The SEC announced today that it has charged Richard Karp with fraud for writing and disseminating a fake press release that, when reported in the media, caused a company’s stock price to spike and allowed him to make thousands of dollars in illicit profits. This marks the [insert your own large number here] time in a row that a trader seeking to profit through the use of a phony press release has been caught and sued by the SEC.
The SEC alleges that Karp created the phony press release as an announcement from WCI Communities, Inc., and he faxed it to media outlets in an effort to manipulate WCI’s stock price. The press release falsely stated that WCI’s board of directors received a buyout offer potentially worth $220 million. The SEC alleges that after this fake news was reported by the media, WCI’s share price increased dramatically and Karp quickly sold his shares to generate his illegal profits.
The case against Karp follows several similar cases that the SEC gas brought through the years, including:
- SEC v. Fred Moldofsky (alleging a fake press release about a Lucent Technologies’ quarterly earnings shortfall posed on a Yahoo! Finance message board).

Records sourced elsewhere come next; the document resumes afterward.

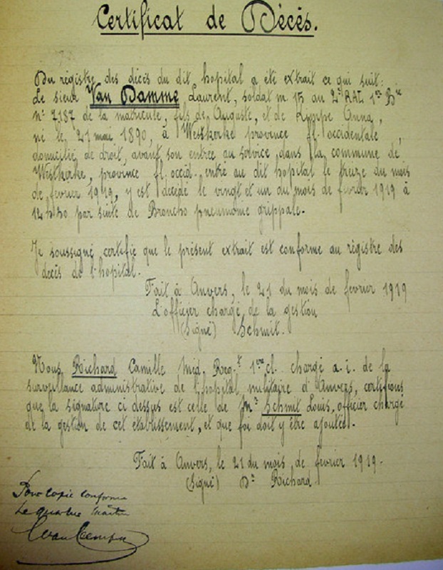 Overlijdensakte, Belgisch militair hospital, Antwerpren (Anvers),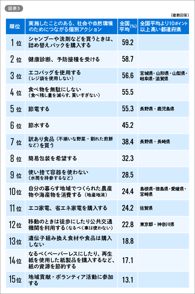 SDGsを知らなかったり、意識していなくても、SDGsに取り組んでいる場合があります。そんな取り組みのランキングで最も高かったのは「詰め替えパックの利用」(59.2%)。これは、経済的な側面もあるためか、「健康診断、予防接種」(58.7%)をわずかに上回り、ほぼ6割が「実施したことがある」と回答しました。気軽にできてオシャレ感もある「エコバッグの使用」(56.6%)、フードロス問題の浸透からか「食べ物を無駄にしない」(55.5%)も上位に挙がっています。「節電」(55.3%)と「節水」(45.2%)では同じ節約でも実施率に10ポイント以上の差が見られることから生活に密着した「取り組みやすさ」がポイントといえるでしょう。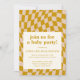 Comemore em estilo com este convite de chá de fraldas inspirado no retrô, com um padrão de verificação de tendências onduladas. Com um texto personalizável e uma paleta de cores calorosas, este design moderno, porém lúdico, dá o tom perfeito para uma celebração divertida e memorável. Personalize os detalhes para torná-lo exclusivamente seu!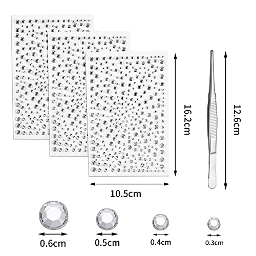 【Packungs inhalt】Das Paket Enthält 3 Blätter Glitzersteine Selbstklebend Sticker (3/4/5/6 MM)aus Acryl und 1 Pinzette(12,5 cm). Die Werkzeuge Sind Lückenlos und Einfach zu Bedienen.

- SEC v. Mark Jakob (alleging a fake press that claimed the SEC was investigating Emulex’s accounting practices, that its CEO had resigned, and that it would revise its earnings to report a loss instead of a profit. In the 16 minutes following the press release, Emulex lost $2.2 billion in market value).
- SEC v. Ned Sneiderman (alleging a fake press release on a Yahoo! bulletin board purporting to announce that Extreme Networks was acquiring Viasource Communications).